─── Supplied data ───

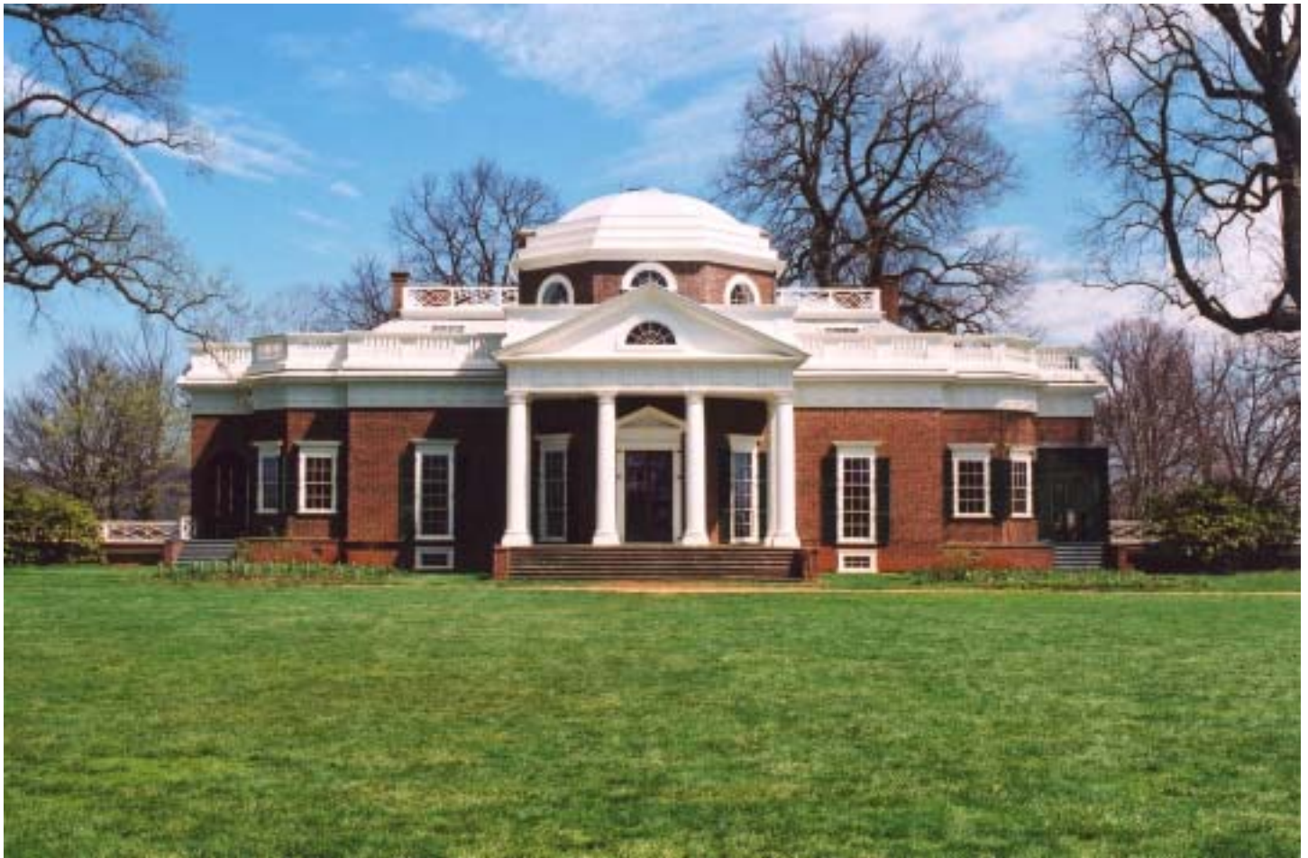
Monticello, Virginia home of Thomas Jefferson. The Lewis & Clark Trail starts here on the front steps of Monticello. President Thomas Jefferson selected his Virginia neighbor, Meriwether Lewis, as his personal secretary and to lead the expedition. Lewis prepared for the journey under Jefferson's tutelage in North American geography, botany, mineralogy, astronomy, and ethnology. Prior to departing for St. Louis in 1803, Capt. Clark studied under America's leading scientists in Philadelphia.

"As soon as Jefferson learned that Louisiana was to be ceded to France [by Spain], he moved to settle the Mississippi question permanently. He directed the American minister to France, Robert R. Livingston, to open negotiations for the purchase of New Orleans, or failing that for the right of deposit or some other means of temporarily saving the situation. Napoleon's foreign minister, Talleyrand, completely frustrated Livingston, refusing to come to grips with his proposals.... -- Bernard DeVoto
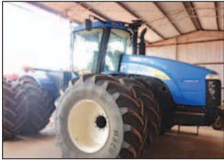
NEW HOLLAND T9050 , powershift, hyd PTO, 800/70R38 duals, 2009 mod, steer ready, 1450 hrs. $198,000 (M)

───

About this exercise:
The answer must be the whole listing, word for word, with no pictures in it. Please write it out.

Result below:
Monticello, Virginia home of Thomas Jefferson. The Lewis & Clark Trail starts here on the front steps of Monticello. President Thomas Jefferson selected his Virginia neighbor, Meriwether Lewis, as his personal secretary and to lead the expedition. Lewis prepared for the journey under Jefferson's tutelage in North American geography, botany, mineralogy, astronomy, and ethnology. Prior to departing for St. Louis in 1803, Capt. Clark studied under America's leading scientists in Philadelphia.

"As soon as Jefferson learned that Louisiana was to be ceded to France [by Spain], he moved to settle the Mississippi question permanently. He directed the American minister to France, Robert R. Livingston, to open negotiations for the purchase of New Orleans, or failing that for the right of deposit or some other means of temporarily saving the situation. Napoleon's foreign minister, Talleyrand, completely frustrated Livingston, refusing to come to grips with his proposals.... -- Bernard DeVoto
NEW HOLLAND T9050 , powershift, hyd PTO, 800/70R38 duals, 2009 mod, steer ready, 1450 hrs. $198,000 (M)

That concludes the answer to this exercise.